In one case I have seen one database system takes over an hour to recover from a crash after running a 3 hour uncommitted long transaction. Yeah avoid long transactions at all costs.
Postgres does this very differently, each update, insert and delete gets a new copy of the row with a new tuple id with hints about what transaction id created the tuple and what transaction id deleted the tuple. So Postgres can safely write the changes to the data pages and concurrent transactions can read the old or new tuples based on their transaction id. Clever design.
Of course no solution is without its problems. We actually talked about the cost of creating new tuple ids on secondary indexes.

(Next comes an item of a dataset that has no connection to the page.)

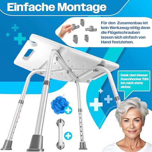Der KESSER® Duschhocker ist die ideale Lösung für alle, die beim Duschen oder Baden zusätzliche Sicherheit, Stabilität und Komfort benötigen. Dank seiner 8-fachen Höhenverstellung von 39 bis 57 cm lässt sich der Hocker flexibel an jede Körpergröße und an individuelle Bedürfnisse anpassen. Trotz seines geringen Eigengewichts von nur 2,8 kg bietet er eine beeindruckende Belastbarkeit von bis zu 136 kg. Damit ist er sowohl für leichtere als auch schwerere Personen optimal geeignet.

Plus Postgres need to purge old tuples that are no longer required if all running transactions ids are greater than the transaction that deleted the tuples. Vacuum takes care of that.
MySQL uses threads, Postgres uses processes, there are pros and cons for both I covered that in details in its own post here.
I like threads better than processes in database systems. Just because they are lighter weight and share their parent process virtual memory address. Processes come with the overhead of dedicated virtual memory and larger control block (PCB) compared to the smaller thread control block (TCB).
If we are eventually going to share memory and deal with mutexes and semaphores anyway why not use threads. Just my two cents.
With that in mind you get to pick which database system is right for you. What really matters is breaking down your use cases and queries and understand what each database does and see what works and what doesn’t for you.
No wrong or right here.